_WHAT IS NEEDED_. Your response should contain exactly the lines running from the one with "Darunter eine Mutter, die" to the end of the data below, both included, and no pictures.

_RECORDED DATA_.
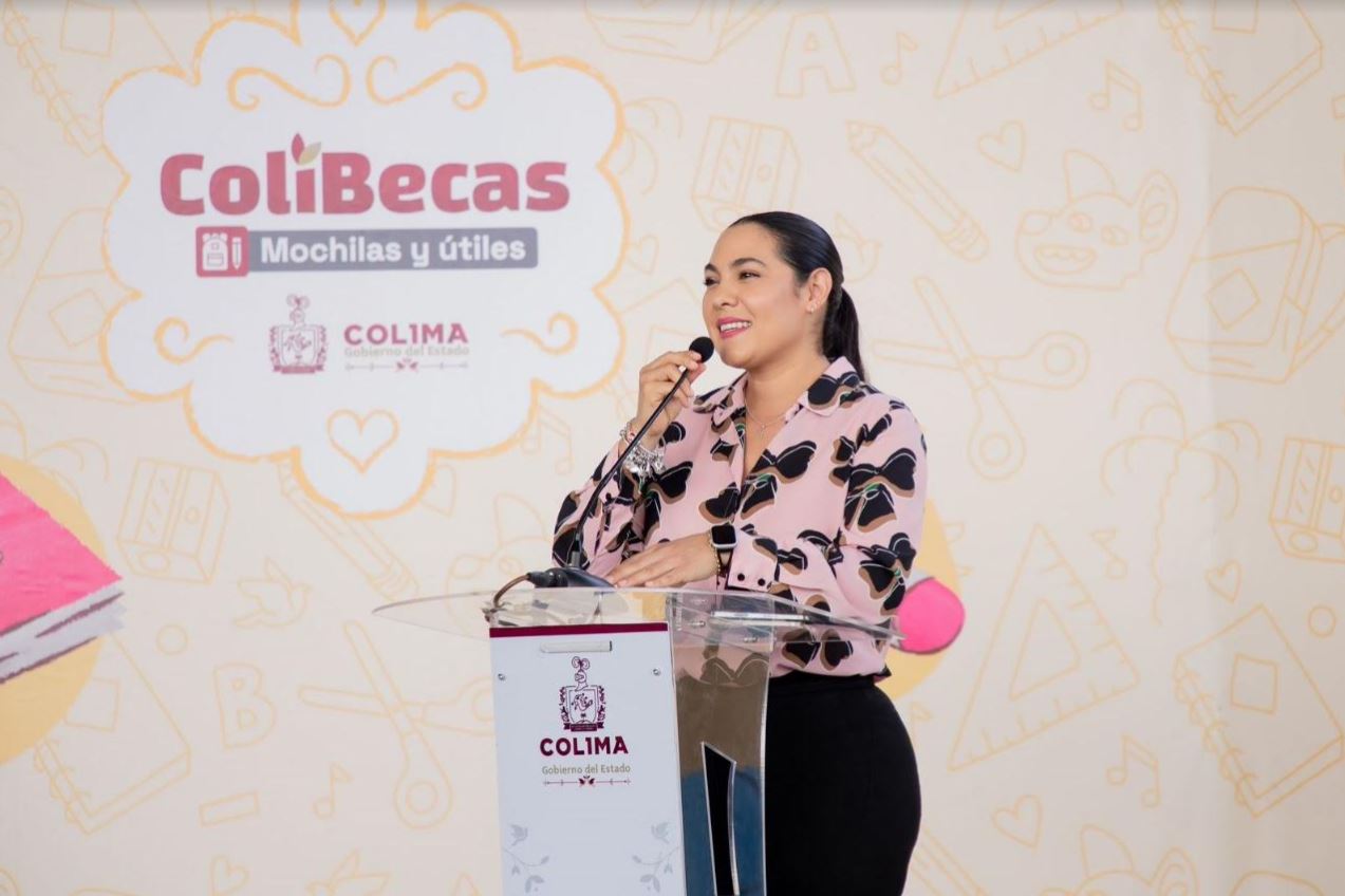 La gobernadora de Colima, Indira Vizcaíno Silva, inició este lunes en la unidad deportiva ‘María Villa Montero’ de Comala, la entrega de paquetes que beneficiarán a más de 78 mil estudiantes de preescolar y primaria en los diez municipios de la entidad con el Programa ColiBecas Mochilas y Útiles, en el que se invierten más de 16.4 millones de pesos, durante este año 2024, sólo en este rubro.
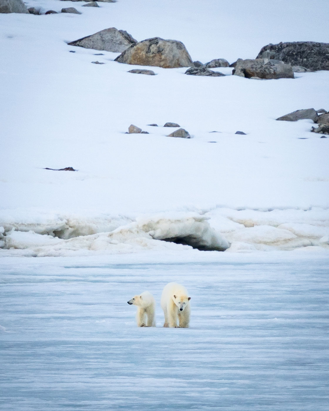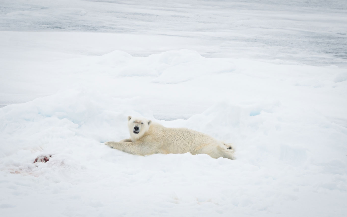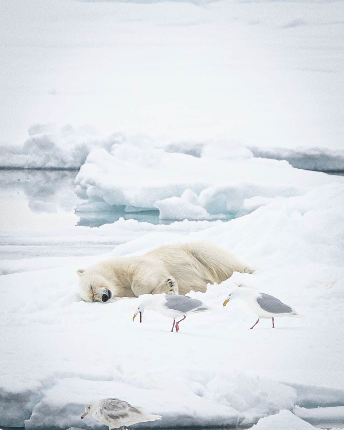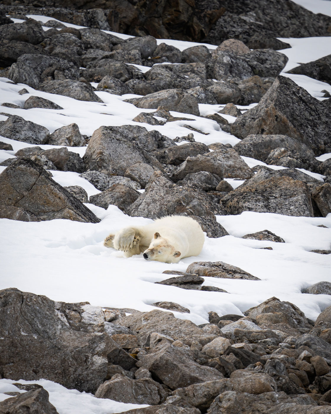 Darunter eine Mutter, die sich mit ihren beiden kleinen Baby an einem toten Walross labte. Daneben schlief ein Eisbär friedlich vor einem Stein, während weiter links ein etwas älteres Eisbärenkind an der Mutter säugte. Nach nur wenigen Tagen sahen wir bereits neun Polarbären; unfassbar.
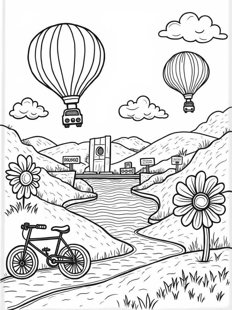 Imagine a sunny day filled with colorful hot air balloons that look just like cars, floating peacefully in a bright blue sky. Below, a winding road made of rainbow bricks twists through gentle hills, with oversized traffic cones and playful signposts adding a touch of fun. You can spot a cheerful bicycle with giant wheels leaning against a massive flower, its petals spiraling out like a colorful spiral candy!

_EXPECTED ANSWER_.
 Darunter eine Mutter, die sich mit ihren beiden kleinen Baby an einem toten Walross labte. Daneben schlief ein Eisbär friedlich vor einem Stein, während weiter links ein etwas älteres Eisbärenkind an der Mutter säugte. Nach nur wenigen Tagen sahen wir bereits neun Polarbären; unfassbar.
 Imagine a sunny day filled with colorful hot air balloons that look just like cars, floating peacefully in a bright blue sky. Below, a winding road made of rainbow bricks twists through gentle hills, with oversized traffic cones and playful signposts adding a touch of fun. You can spot a cheerful bicycle with giant wheels leaning against a massive flower, its petals spiraling out like a colorful spiral candy!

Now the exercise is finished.